What you should do:
What is needed is an exact copy of the records below, without the pictures.

Available records:

"""

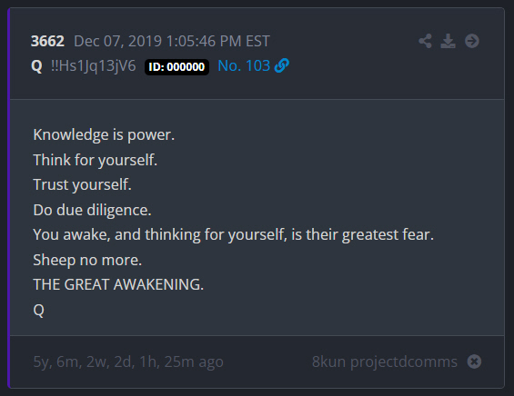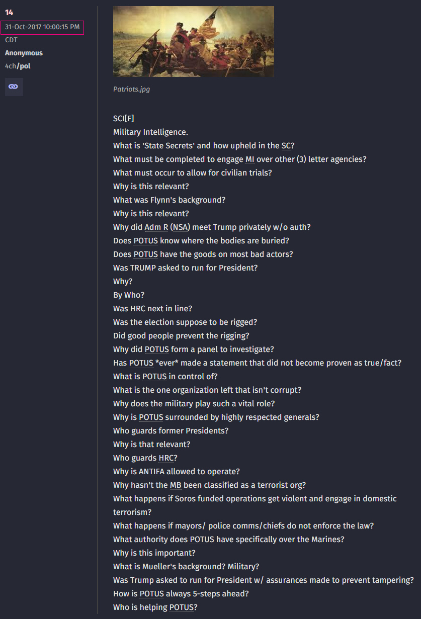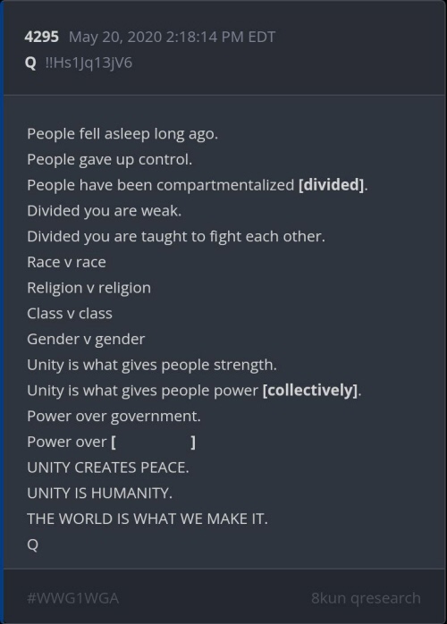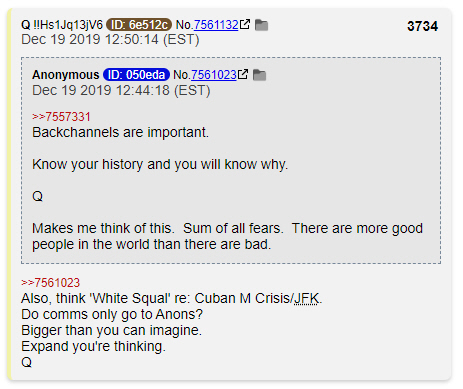 It is believed that the posts above and many similar ones, were meant for operatives in the field (Sleepers) who needed to remain "Radio Silent". It is our guess that these operatives would check the Q posts daily for communications to them and they would interpret these posts and act upon any orders and/or intelligence from these posts.
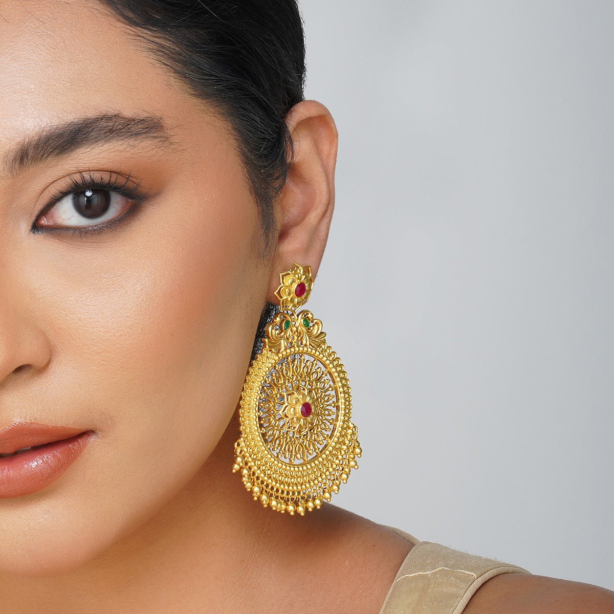Festive Indian looks often feel incomplete without a pair of big, bold earrings. This pair will add that oomph and dress you up by framing your face with its beauty.
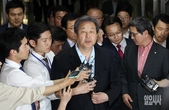 [포토] '유승민 의총' 마치고 나오는 김무성 대표
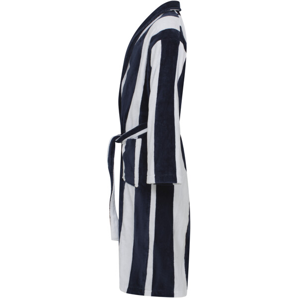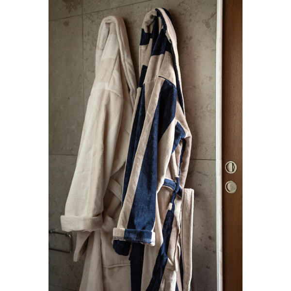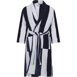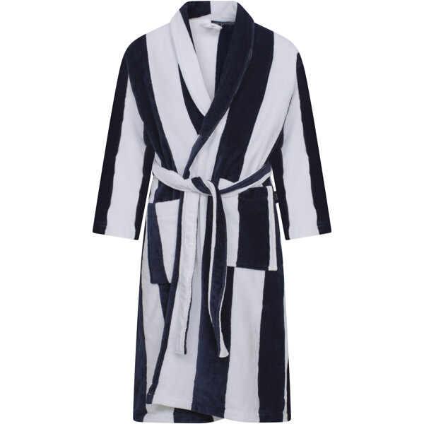 Luksuriøs morgenkåbe/badekåbe i unisex-model med sofistikerede striber, bred krave og veludførte detaljer. Nyd den bløde og tykke bomuldsvelour af højeste kvalitet.
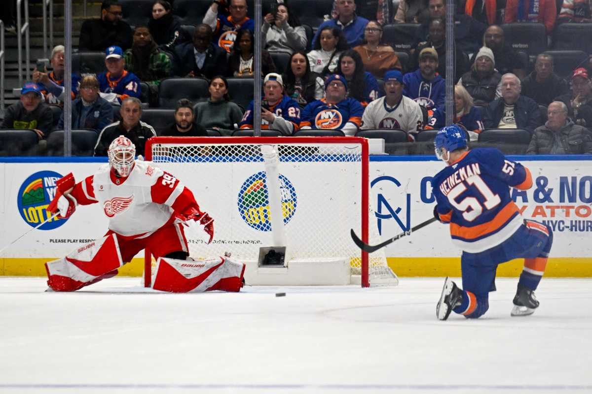 After Dylan Larkin spoiled Rittich’s shutout 3:11 into the third period, the Islanders swung back with two goals in 38 seconds. Heineman picked up his second on a similar rush alongside Horvat, slipping a one-timer off the pad of Talbot and in at the 7:19 mark.
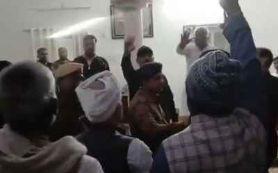 They raised slogans demanding that Sanjay Yadav be sent back to Haryana.
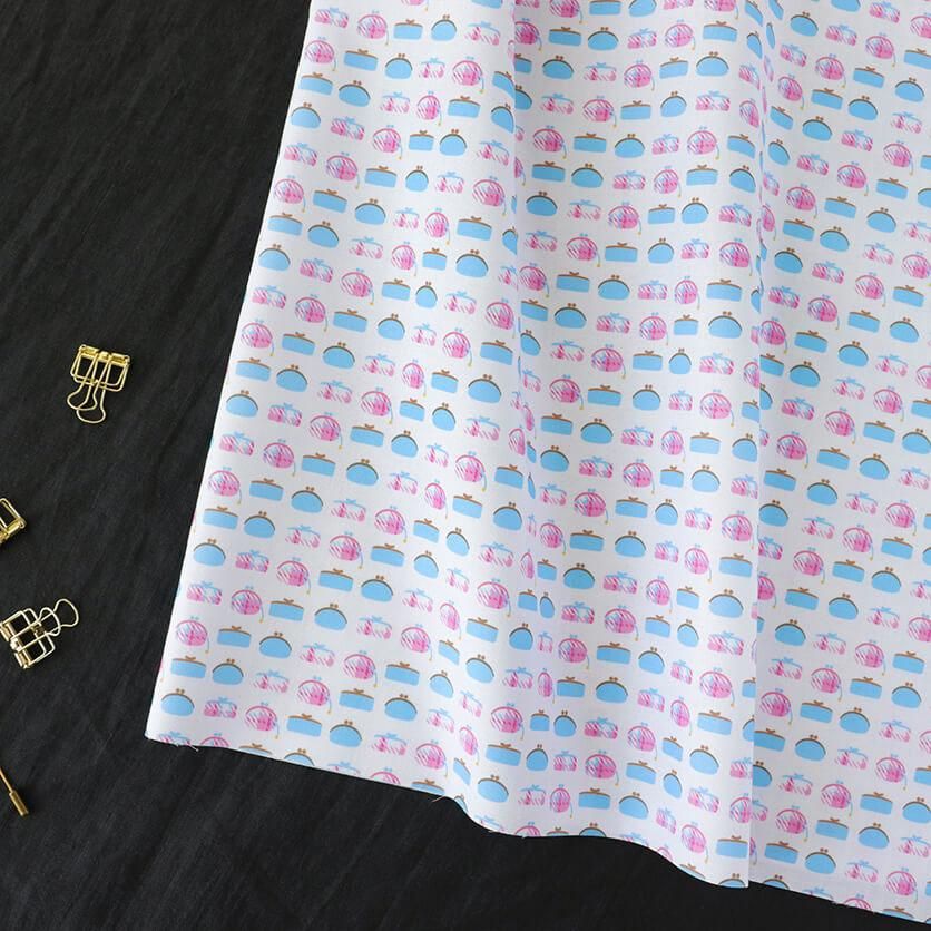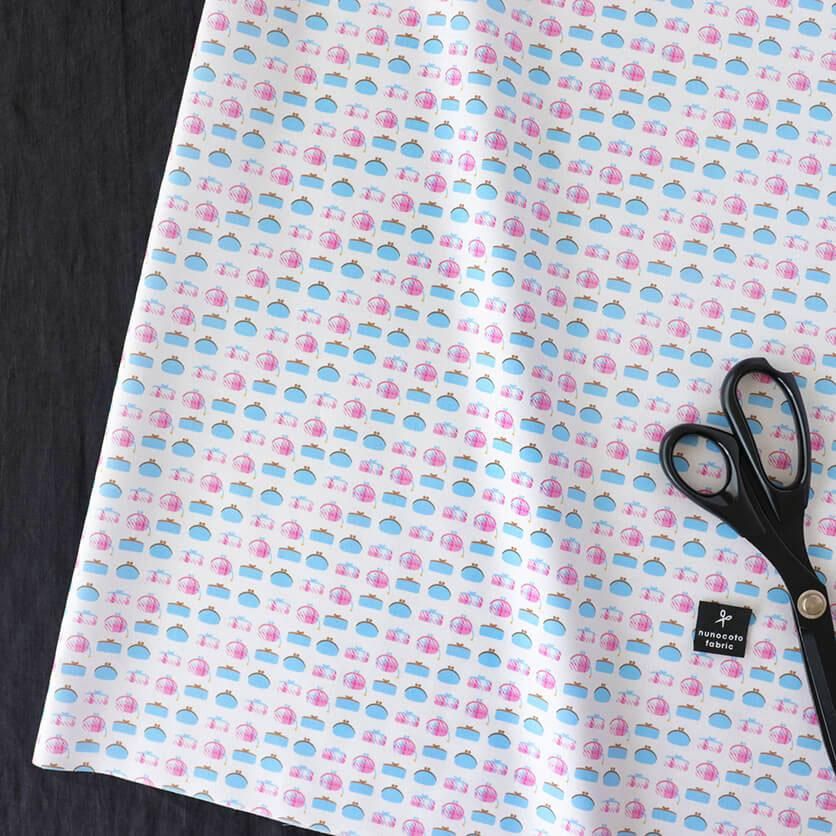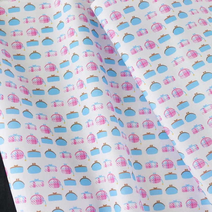 小ぶりなサイズ感できれいに並んだ姿が可愛らしい、がまぐち柄のテキスタイルデザインです。
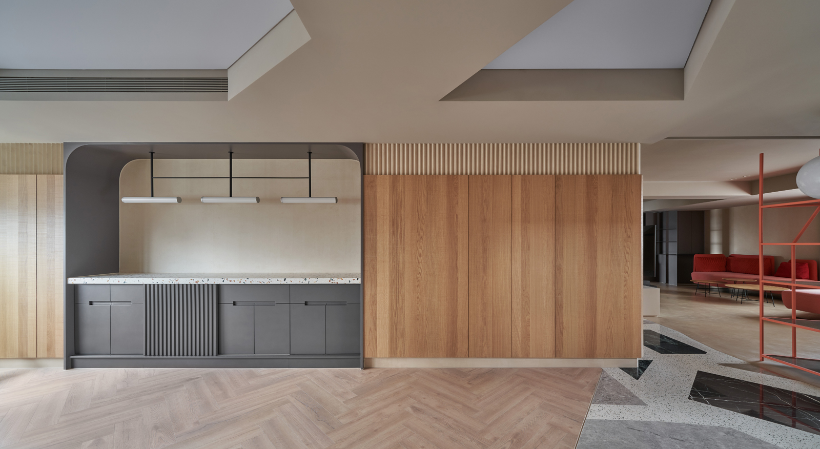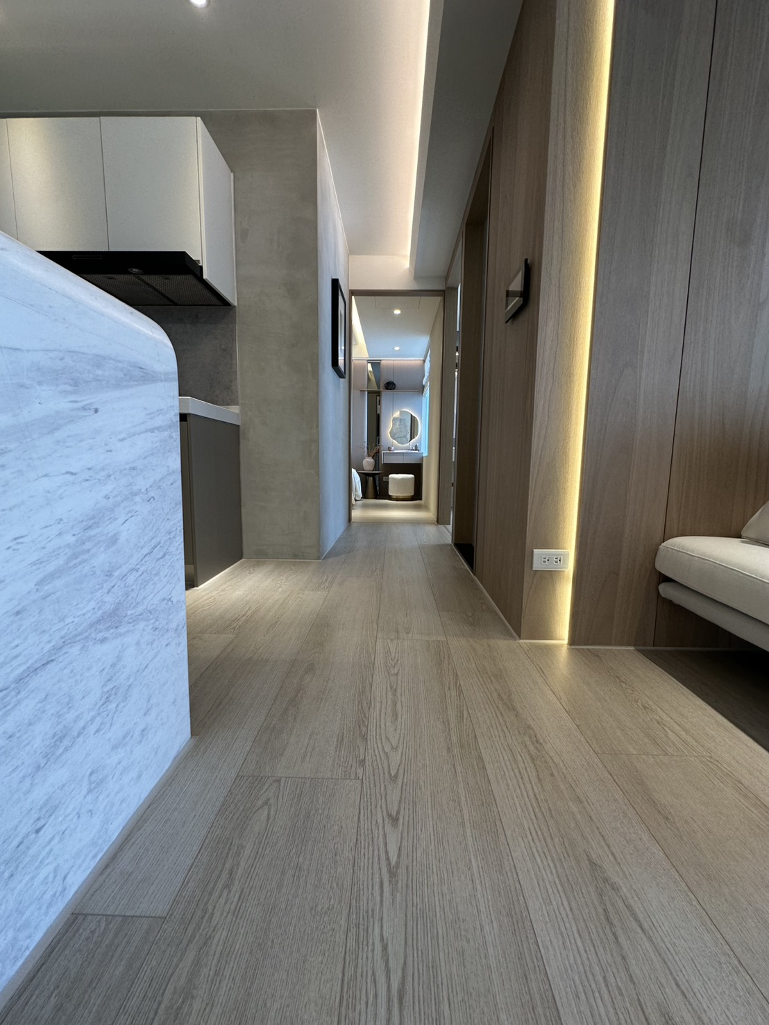 公設空間可依場域需求靈活選用多元建材,透過材質搭配,展現空間層次與整體設計質感。

"""

Answer to this exercise:
 It is believed that the posts above and many similar ones, were meant for operatives in the field (Sleepers) who needed to remain "Radio Silent". It is our guess that these operatives would check the Q posts daily for communications to them and they would interpret these posts and act upon any orders and/or intelligence from these posts.
Festive Indian looks often feel incomplete without a pair of big, bold earrings. This pair will add that oomph and dress you up by framing your face with its beauty.
 [포토] '유승민 의총' 마치고 나오는 김무성 대표
 Luksuriøs morgenkåbe/badekåbe i unisex-model med sofistikerede striber, bred krave og veludførte detaljer. Nyd den bløde og tykke bomuldsvelour af højeste kvalitet.
 After Dylan Larkin spoiled Rittich’s shutout 3:11 into the third period, the Islanders swung back with two goals in 38 seconds. Heineman picked up his second on a similar rush alongside Horvat, slipping a one-timer off the pad of Talbot and in at the 7:19 mark.
 They raised slogans demanding that Sanjay Yadav be sent back to Haryana.
 小ぶりなサイズ感できれいに並んだ姿が可愛らしい、がまぐち柄のテキスタイルデザインです。
 公設空間可依場域需求靈活選用多元建材,透過材質搭配,展現空間層次與整體設計質感。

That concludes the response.